Highly Oxygenated Molecules in the Amazon, Beijing and elsewhere

In a new study, Dr. Haijie Tong and co-authors studied a subset of PM2.5, the so-called highly oxygenated molecules (HOMs) and its relationship with radical yield and aerosol oxidative potential. They analyzed fine particulate matter in the air in multiple locations. This including the highly polluted megacity Bejing and in the pristine rainforest at ATTO. They wanted to get insights into the chemical characteristic and evolutions of these HOM particles. In particular, they wanted to find out more about the potential of HOMs to form free radicals. These are highly reactive species with unpaired electrons.

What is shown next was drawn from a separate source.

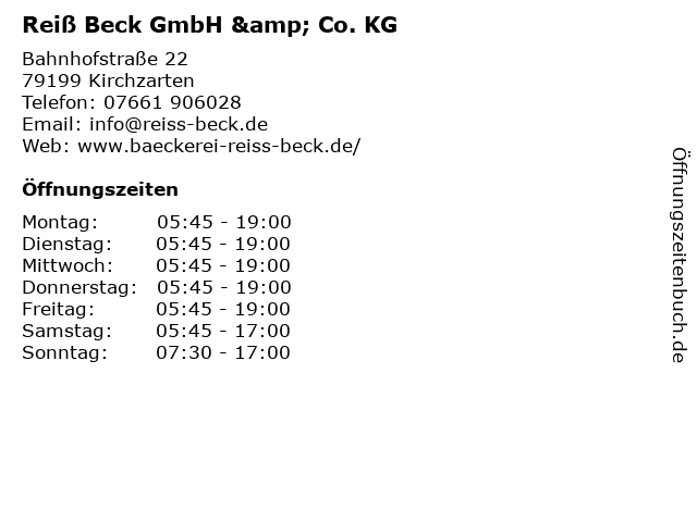 | Öffnungszeiten Reiß Beck GmbH & Co. KG in Kirchzarten anzeigen | |

New Publication: Comparing air pollution in Manaus and at ATTO by identifying aerosols

You have probably heard a lot about air pollution recently, be it because of the massive wildfires in California, smog in India or the diesel emission scandal in Germany. So let’s look into air pollution in the Amazon. Most air pollutants are actually aerosols. Identifying these aerosols and their chemical composition can help us understand where they come from and to what extent certain regions are affected by air pollutions. That is exactly what Li Wu and co-authors did in their new study in the Amazon rainforest.

They collected and analyzed aerosols in two locations: the city of Manaus, a large urban area in Brazil, and the ATTO site in the heart of the forest. The samples were collected during the wet season when ATTO is mainly influenced by air masses from the Atlantic and is located upwind from Manaus. And indeed they found that at ATTO the aerosols are mostly of organic origin, emitted by the forest itself. Additionally, they could identify mineral dust and sea-salt particles. In contrast, they frequently found soot, fly ash and particles containing heavy metals in the samples in Manaus. These are most likely produced by human activities. The good news is that such anthropogenic particles are still largely absent from the atmosphere over the rainforest, showing us that pristine wilderness regions do still exist. That is, at least during the wet season when the winds blow in the “right” direction.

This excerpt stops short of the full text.